Спектакль без зрителей – что может быть печальней.
Взошла луна. На невысоком холме стоял Гений и наблюдал полет двух людей. Бывших людей. Он не вернет их на землю. Почему он выбрал этих двоих, зачем снабдил их способностью к парению? Я, рассказчик, не знаю, и спросить не у кого. Может быть, это был каприз Гения, а быть может, холодно задуманный и безжалостно исполненный эксперимент.
Впрочем, это наша человеческая смешная привычка - наделять Гения человеческими же свойствами: любовью, состраданием, желанием наказать или поощрить. Мы, люди, верим и не верим одновременно, что наш видимый и осязаемый мир – это единственная реальность.
Мы верим во всемогущество науки и одновременно верим в сказки, даже если убеждаем себя и других, что не верим в них.
Автор в детстве летал во сне и сожалеет, что больше эти сны к нему не приходят.
Этюд номер пять
Подъезжая под Ижоры, я взглянул на небеса. То, что я увидел, мне не понравилось. Тучи, набухшие влагой, смотрели грозно. Темные вертикальные полосы на горизонте, воронье, молча носившееся кругами, не оставляли надежды на то, что ненастье пройдет стороной.

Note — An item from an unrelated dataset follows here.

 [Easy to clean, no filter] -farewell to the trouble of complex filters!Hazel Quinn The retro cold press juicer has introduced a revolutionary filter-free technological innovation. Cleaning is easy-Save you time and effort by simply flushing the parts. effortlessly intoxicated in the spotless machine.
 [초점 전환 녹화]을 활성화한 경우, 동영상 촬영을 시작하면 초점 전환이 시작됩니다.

Я едва успел распрячь своего верного Нисана - он еще пофыркивал добродушно, остывая - как грянул ливень с молниями. Нет никакой возможности адекватно описать грозу после того, как это сделал Петр Ильич с помощью двух литавр и трех мрачных подсурдиненных тромбонов. Кстати, на той знаменитой премьере в Дворянском Собрании я сидел третьим во вторых скрипках. Музыка сводит меня с ума. Звучание большого мажорного септаккорда мне милее стрекота кузнечиков и свиста иволги. Я знаю, мой вкус могут назвать пошлым, но рукотворная гармония пьянит меня, как пунш на дружеской пирушке. Соловей вызывает во мне лишь приступ ипохондрии.
Сейчас или никогда, - запирая ставни, подумал я. Темны речи, странны лицы, нотный стан, как стан девицы, - подумал я. ''Тьмою здесь все занавешено, и тишина, как на дне..."

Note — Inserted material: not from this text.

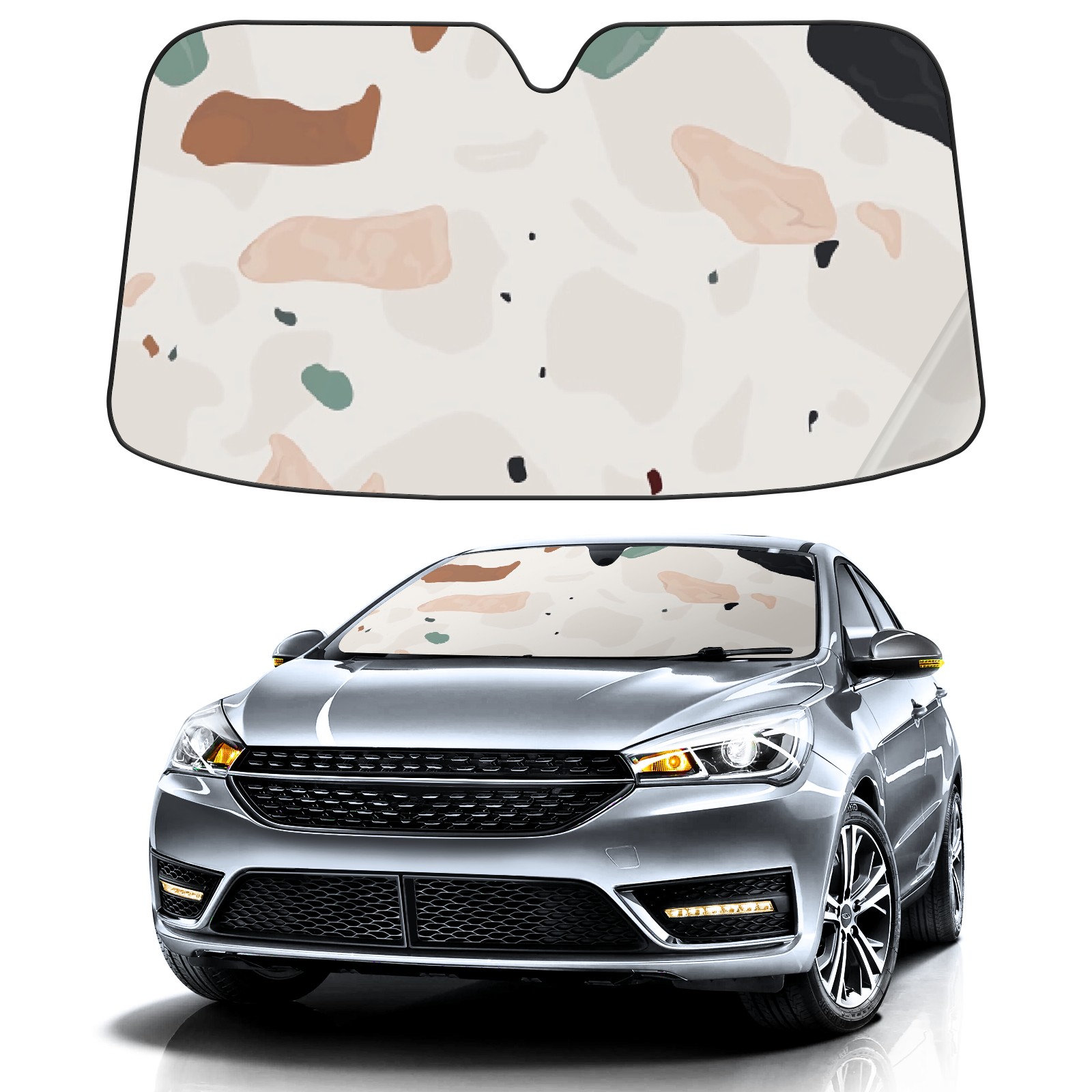 Car Windshield Sun Shade For Front Window Colorful Terrazzo Foldable Vehicle Windshield Car Sun Visor Covers Automotive Window Protector Car Camping Privacy Sun Blocker

Бумага разложена, карандаши заточены, но нет, включу-ка я лучше алгебраическую машину. 1,0,1,1,0,1 – это же песня, вернее, ее припев, - подумал я. Программа Finale-2002 – в действии. Хвостики, крючочки, палочки и точки. Лес хвостиков, модная лавка крючочков, точки и кружочки. Это красиво, как полет Уточкина.
Никогда еще мне не работалось так легко. Сначала из тьмы выплыла идея. Она не имела четких контуров, но форма угадывалась. Хотелось чего-то нежного, отчасти неуловимого, слегка щемящего. Си минор представился мне. Восходящие секвенции, как бесы окружали меня со всех сторон. Лавируя между ними со сноровкой, приобретенной многолетней практикой, я вырулил на хорошенькую фразу, которая показалась мне свежей. Только бы не замучить ее, тогда утром я пойму, верно ли было первое впечатление. Гармония пришла сама и поначалу радовала меня, пока я не выловил отклонение в ля минор. Бесы, бесы, - огорчился я. Всегда толкают на наторенную дорожку, соблазняют якобы красивым ходом. Сколько раз я уже оказывался слаб? Два, три? Это становится неприличным. Прочь от заколдованного места.

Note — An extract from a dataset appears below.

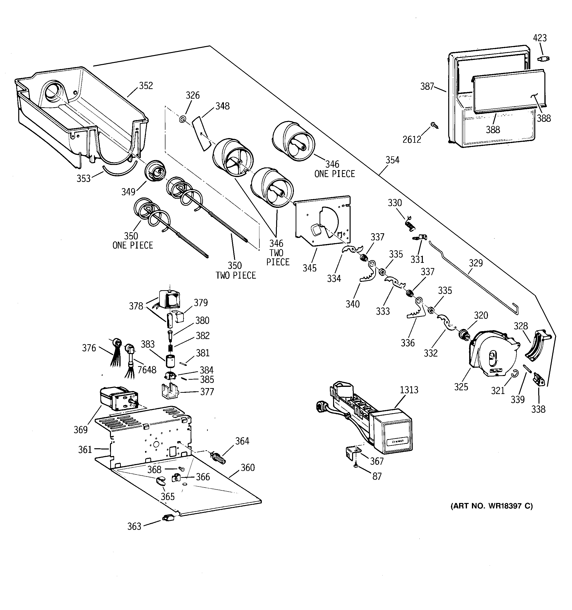 WR17X4312 GE Refrigerator Ice Maker Auger and Bucket Assembly

Основная тема набросана, с кодой – вот еще один камень преткновения – повоюю в следующий раз, а пока – два-три варианта про запас. Замес для подголоска в сексту, квинту и октаву, разберемся. Три, два, один, ноль, запускаю player, цифровое чудо, - Александру Николаевичу очень бы понравился для его цепных гармоний. Так, третий такт подправить, кода нехороша, но потом, потом. Можно приглашать Ипполита Михайловича, Сереньку и, пожалуй, Дуняшу позову. Она хоть и из дворовых, но востра, чертовка.
Гроза, между тем, закончилась. Я распахнул окно. Воздух пах фиалками и еще какой-то дрянью. В душе пели виолончели: виа – ля –ля – ре – до. Какая странная и дивная картина, пылинка я, приставшая ко дну. Земля, в лучах Вселенной утонув, то бирюзой зальется, то кармином.
Живем, господа.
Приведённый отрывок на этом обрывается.